PROVIDED ENTRIES:
┌────────
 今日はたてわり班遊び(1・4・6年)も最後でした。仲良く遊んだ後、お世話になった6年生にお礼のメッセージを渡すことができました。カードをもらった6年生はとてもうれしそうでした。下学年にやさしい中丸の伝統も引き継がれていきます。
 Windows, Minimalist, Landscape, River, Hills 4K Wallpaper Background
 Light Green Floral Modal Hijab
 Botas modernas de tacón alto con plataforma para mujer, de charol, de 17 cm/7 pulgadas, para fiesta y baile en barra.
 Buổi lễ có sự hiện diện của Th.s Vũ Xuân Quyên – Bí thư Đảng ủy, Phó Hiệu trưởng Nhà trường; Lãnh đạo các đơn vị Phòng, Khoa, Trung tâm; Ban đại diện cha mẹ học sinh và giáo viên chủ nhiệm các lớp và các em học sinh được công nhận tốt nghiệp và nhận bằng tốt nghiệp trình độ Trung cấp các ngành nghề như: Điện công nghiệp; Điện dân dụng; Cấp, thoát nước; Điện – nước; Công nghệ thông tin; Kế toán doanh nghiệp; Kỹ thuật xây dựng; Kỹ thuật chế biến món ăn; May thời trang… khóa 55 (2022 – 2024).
└────────
┌────────
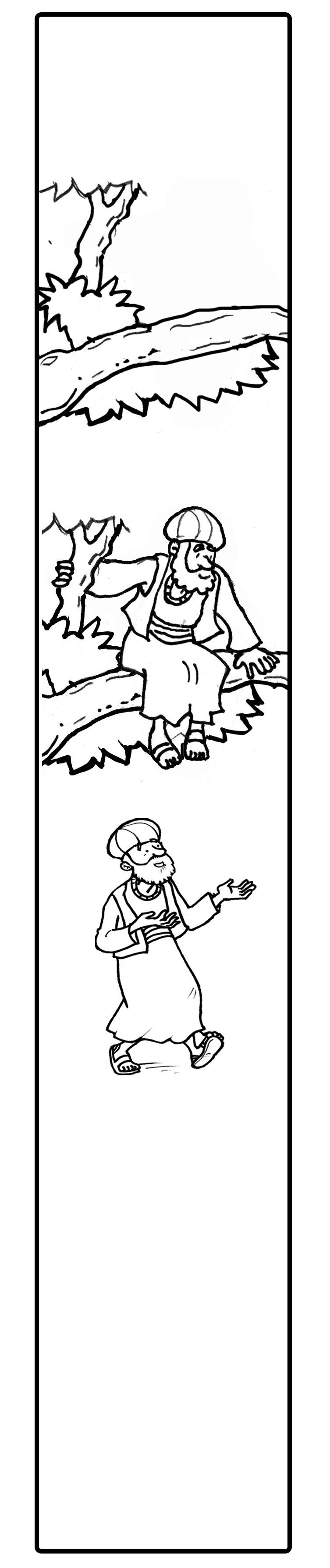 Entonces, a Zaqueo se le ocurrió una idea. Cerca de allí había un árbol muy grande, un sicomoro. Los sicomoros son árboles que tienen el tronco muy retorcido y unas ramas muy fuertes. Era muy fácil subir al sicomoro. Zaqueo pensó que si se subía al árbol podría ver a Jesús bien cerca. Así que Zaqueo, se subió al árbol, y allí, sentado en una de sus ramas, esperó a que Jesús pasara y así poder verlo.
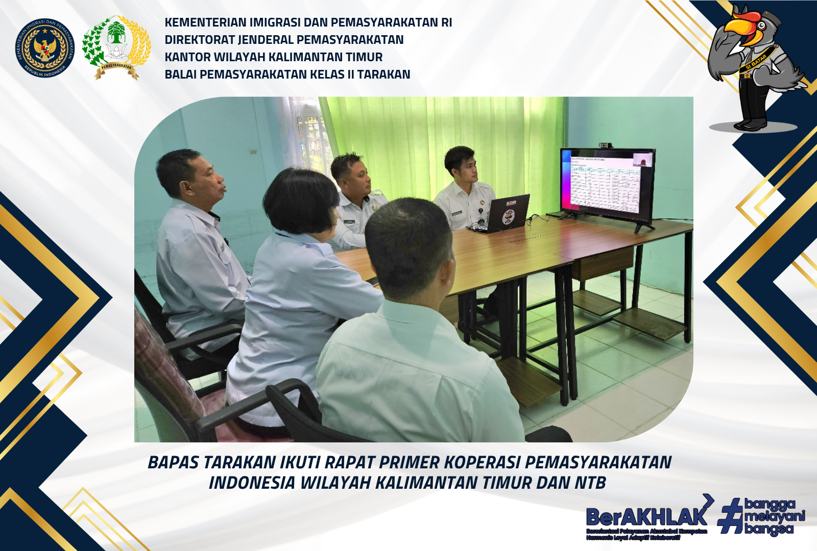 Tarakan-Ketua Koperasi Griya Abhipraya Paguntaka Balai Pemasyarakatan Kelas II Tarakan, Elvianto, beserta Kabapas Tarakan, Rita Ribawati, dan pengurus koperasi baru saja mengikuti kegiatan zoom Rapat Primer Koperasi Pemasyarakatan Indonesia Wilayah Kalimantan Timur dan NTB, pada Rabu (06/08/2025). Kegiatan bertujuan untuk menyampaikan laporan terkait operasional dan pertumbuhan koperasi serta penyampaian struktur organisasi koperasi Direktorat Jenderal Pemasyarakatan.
└────────
WORK REQUIRED:
Scan the listing above for the line that has "Light Green Floral Modal Hijab", then copy exactly from that line through the line that has "Buổi lễ có sự".

SOLUTION TO THE EXERCISE:
 Light Green Floral Modal Hijab
 Botas modernas de tacón alto con plataforma para mujer, de charol, de 17 cm/7 pulgadas, para fiesta y baile en barra.
 Buổi lễ có sự hiện diện của Th.s Vũ Xuân Quyên – Bí thư Đảng ủy, Phó Hiệu trưởng Nhà trường; Lãnh đạo các đơn vị Phòng, Khoa, Trung tâm; Ban đại diện cha mẹ học sinh và giáo viên chủ nhiệm các lớp và các em học sinh được công nhận tốt nghiệp và nhận bằng tốt nghiệp trình độ Trung cấp các ngành nghề như: Điện công nghiệp; Điện dân dụng; Cấp, thoát nước; Điện – nước; Công nghệ thông tin; Kế toán doanh nghiệp; Kỹ thuật xây dựng; Kỹ thuật chế biến món ăn; May thời trang… khóa 55 (2022 – 2024).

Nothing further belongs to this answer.